The disease is named after English doctor James Parkinson, who published the first detailed description in An Essay on the Shaking Palsy, in 1817. Public awareness campaigns include World Parkinson's Day (on the birthday of James Parkinson, 11 April) and the use of a red tulip as the symbol of the disease. People with PD who have increased the public's awareness of the condition include boxer Muhammad Ali, actor Michael J. Fox, Olympic cyclist Davis Phinney, and actor Alan Alda.
Parkinson's disease is the most common form of parkinsonism and is sometimes called "idiopathic parkinsonism", meaning parkinsonism with no identifiable cause. Scientists sometimes refer to PD as a type of neurodegenerative disease called synucleinopathy due to an abnormal accumulation of the protein alpha-synuclein in the brain. The synucleinopathy classification distinguishes it from other neurodegenerative diseases, such as Alzheimer's disease, where the brain accumulates a different protein known as the tau protein.
Considerable clinical and pathological overlap exists between tauopathies and synucleinopathies, but differences exist. In contrast to PD, people with Alzheimer's disease most commonly experience memory loss. The cardinal signs of PD (slowness, tremor, stiffness, and postural instability) are not normal features of Alzheimer's.
Signs and symptoms
The most recognizable symptoms in PD are movement ("motor") related. Nonmotor symptoms, which include autonomic dysfunction, neuropsychiatric problems (mood, cognition, behavior or thought alterations), and sensory (especially altered sense of smell) and sleep difficulties, are also common. Some of these nonmotor symptoms may be present at the time of diagnosis.

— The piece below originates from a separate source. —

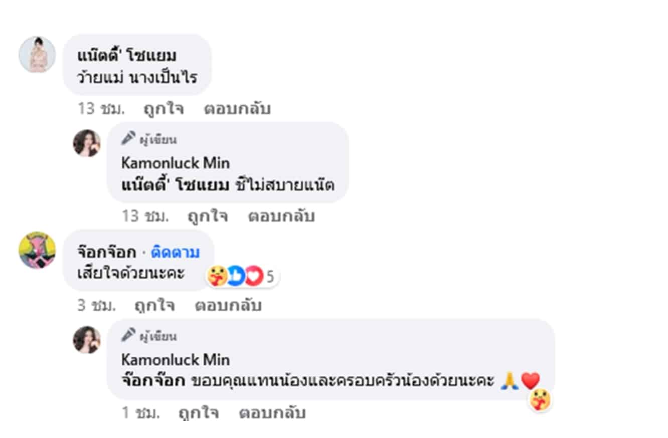 ใต้โพสต์ดังกล่าวได้มีเพื่อนพี่น้องเข้ามาแสดงความเสียใจจำนวนมาก สอบถามว่าปันปันเป็นอะไรเสีย คุณมินได้อธิบายว่าปันปันไม่สบาย

The most common presenting sign is a coarse, slow tremor of the hand at rest, which disappears during voluntary movement of the affected arm and in the deeper stages of sleep. It typically appears in only one hand, eventually affecting both hands as the disease progresses. Frequency of PD tremor is between 4 and 6 hertz (cycles per second). A feature of tremor is "pill-rolling", the tendency of the index finger and thumb to touch and perform together with a circular movement. The term derives from the similarity between the movement of people with PD and the early pharmaceutical technique of manually making pills.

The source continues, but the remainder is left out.